* **Task material**:
*****

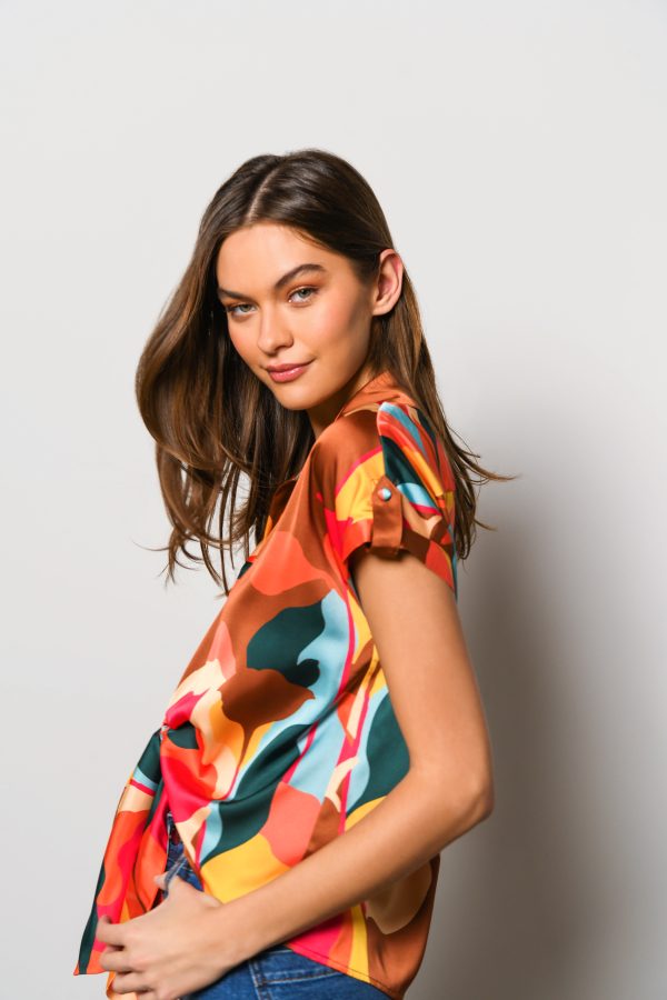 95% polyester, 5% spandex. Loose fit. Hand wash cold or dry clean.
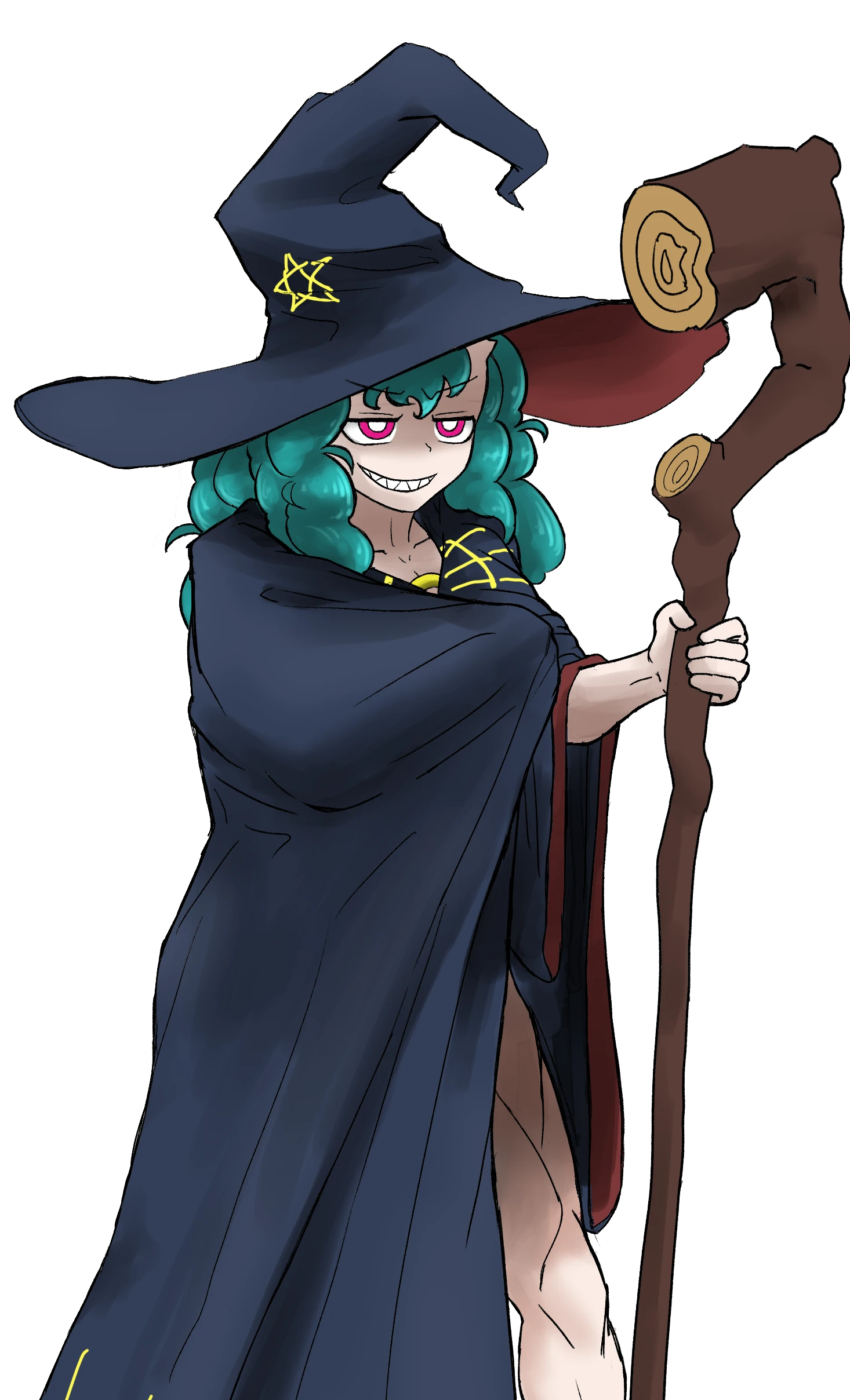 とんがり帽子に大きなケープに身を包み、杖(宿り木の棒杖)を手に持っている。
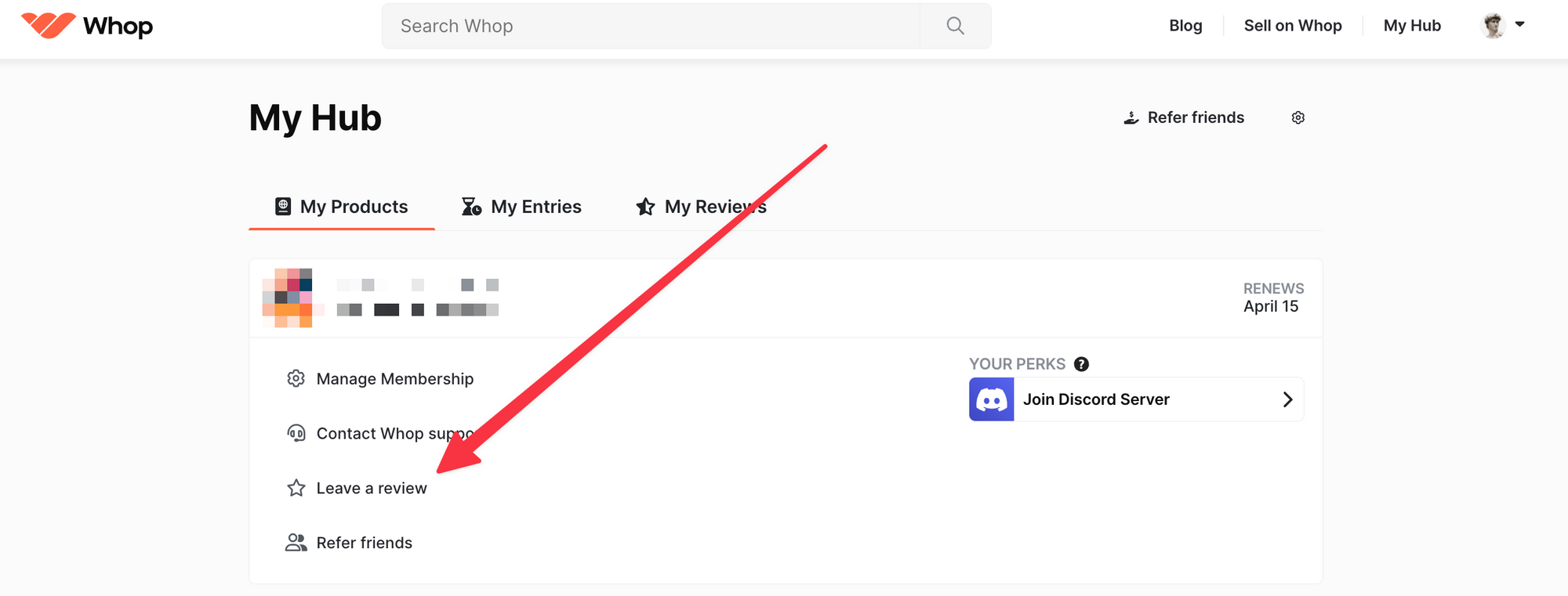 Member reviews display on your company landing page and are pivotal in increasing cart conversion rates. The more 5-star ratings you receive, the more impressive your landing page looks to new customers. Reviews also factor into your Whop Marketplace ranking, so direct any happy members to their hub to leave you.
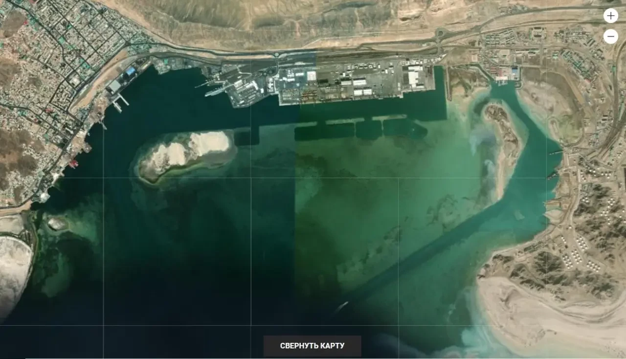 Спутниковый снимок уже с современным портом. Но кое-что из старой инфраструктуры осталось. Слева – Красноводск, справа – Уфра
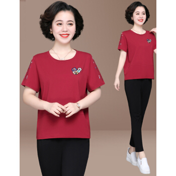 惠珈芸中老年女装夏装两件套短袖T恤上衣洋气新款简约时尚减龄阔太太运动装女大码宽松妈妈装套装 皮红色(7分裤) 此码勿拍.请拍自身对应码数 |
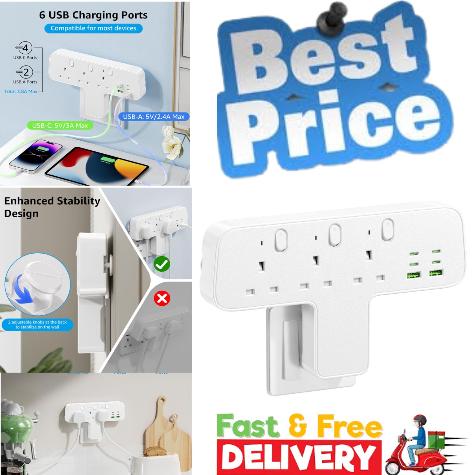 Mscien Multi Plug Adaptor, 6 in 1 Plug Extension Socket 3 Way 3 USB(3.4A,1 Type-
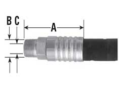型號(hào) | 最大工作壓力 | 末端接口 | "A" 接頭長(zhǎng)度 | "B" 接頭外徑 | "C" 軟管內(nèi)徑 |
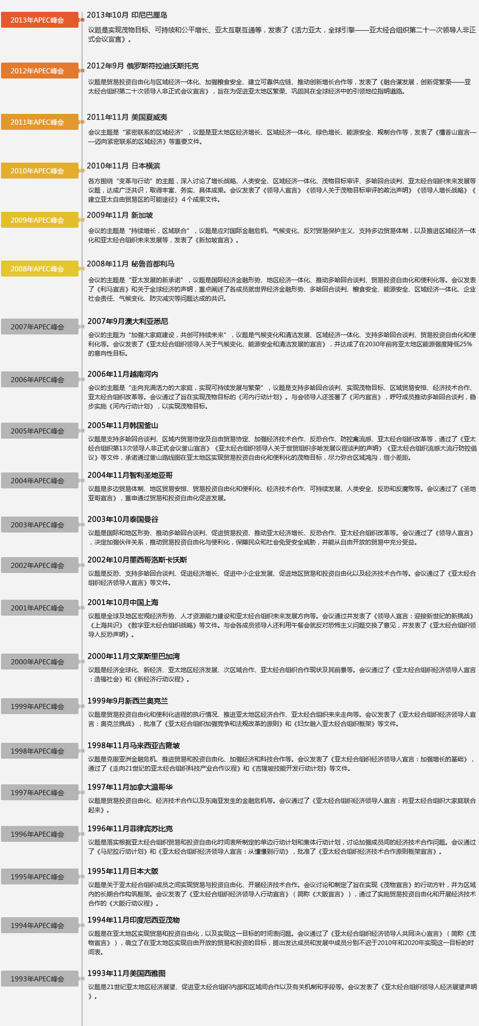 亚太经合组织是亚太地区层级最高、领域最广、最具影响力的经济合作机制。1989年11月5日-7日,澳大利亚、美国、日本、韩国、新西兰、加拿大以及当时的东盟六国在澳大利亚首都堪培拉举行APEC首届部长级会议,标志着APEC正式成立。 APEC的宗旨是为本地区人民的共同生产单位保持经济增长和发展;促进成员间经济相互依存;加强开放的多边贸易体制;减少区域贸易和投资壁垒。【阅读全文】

*****

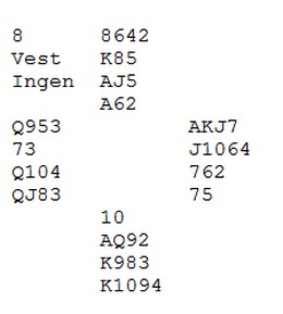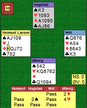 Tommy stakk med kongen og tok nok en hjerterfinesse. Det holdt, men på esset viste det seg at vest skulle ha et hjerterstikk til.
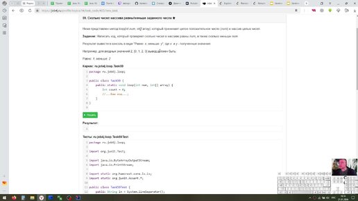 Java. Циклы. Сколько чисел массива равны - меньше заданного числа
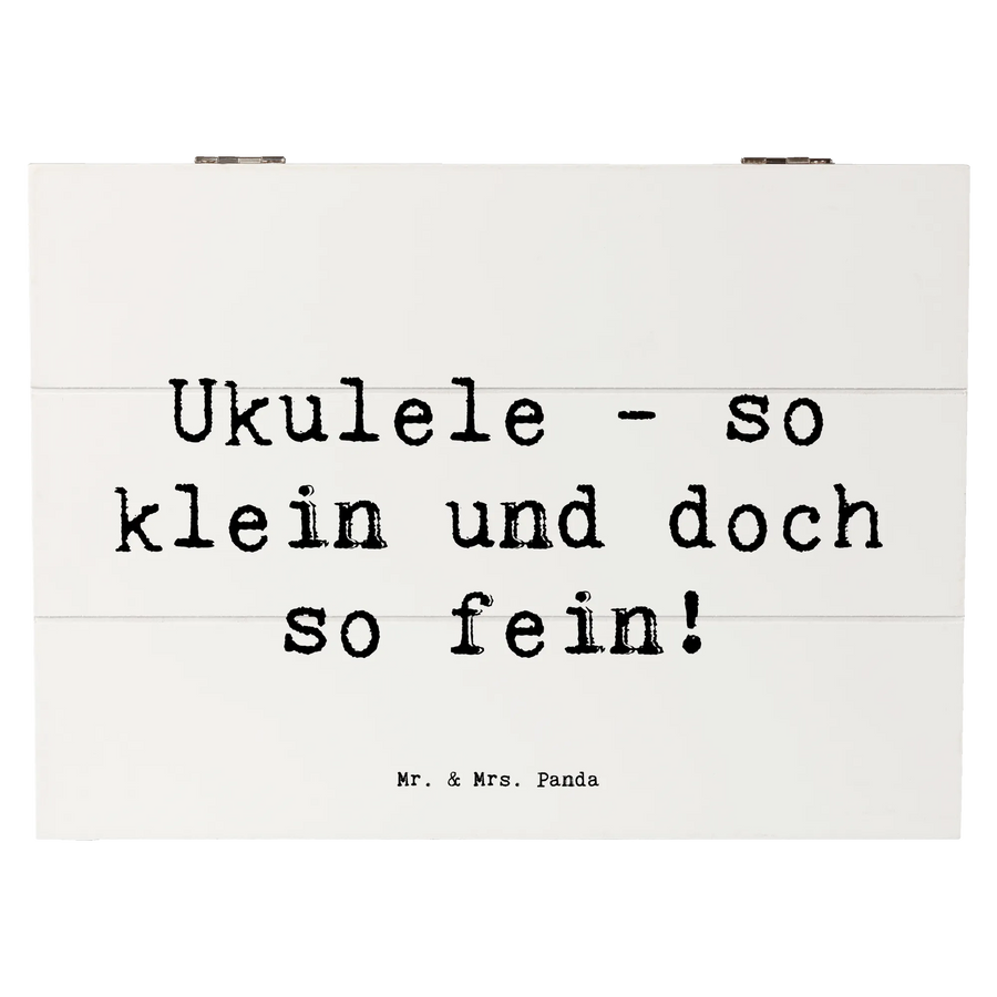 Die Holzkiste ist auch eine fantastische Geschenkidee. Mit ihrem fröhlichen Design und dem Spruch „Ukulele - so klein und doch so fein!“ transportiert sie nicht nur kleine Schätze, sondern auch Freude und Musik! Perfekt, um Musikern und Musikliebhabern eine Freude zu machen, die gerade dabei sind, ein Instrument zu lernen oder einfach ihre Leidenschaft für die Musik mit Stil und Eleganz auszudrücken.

*****

Although pictures appear among the records above, write out exactly only the lines from the one that has "型號(hào) | 最大工作壓力" through the one that has "亚太经合组织是亚太地区层级最", and leave the pictures out.

型號(hào) | 最大工作壓力 | 末端接口 | "A" 接頭長(zhǎng)度 | "B" 接頭外徑 | "C" 軟管內(nèi)徑 |
 亚太经合组织是亚太地区层级最高、领域最广、最具影响力的经济合作机制。1989年11月5日-7日,澳大利亚、美国、日本、韩国、新西兰、加拿大以及当时的东盟六国在澳大利亚首都堪培拉举行APEC首届部长级会议,标志着APEC正式成立。 APEC的宗旨是为本地区人民的共同生产单位保持经济增长和发展;促进成员间经济相互依存;加强开放的多边贸易体制;减少区域贸易和投资壁垒。【阅读全文】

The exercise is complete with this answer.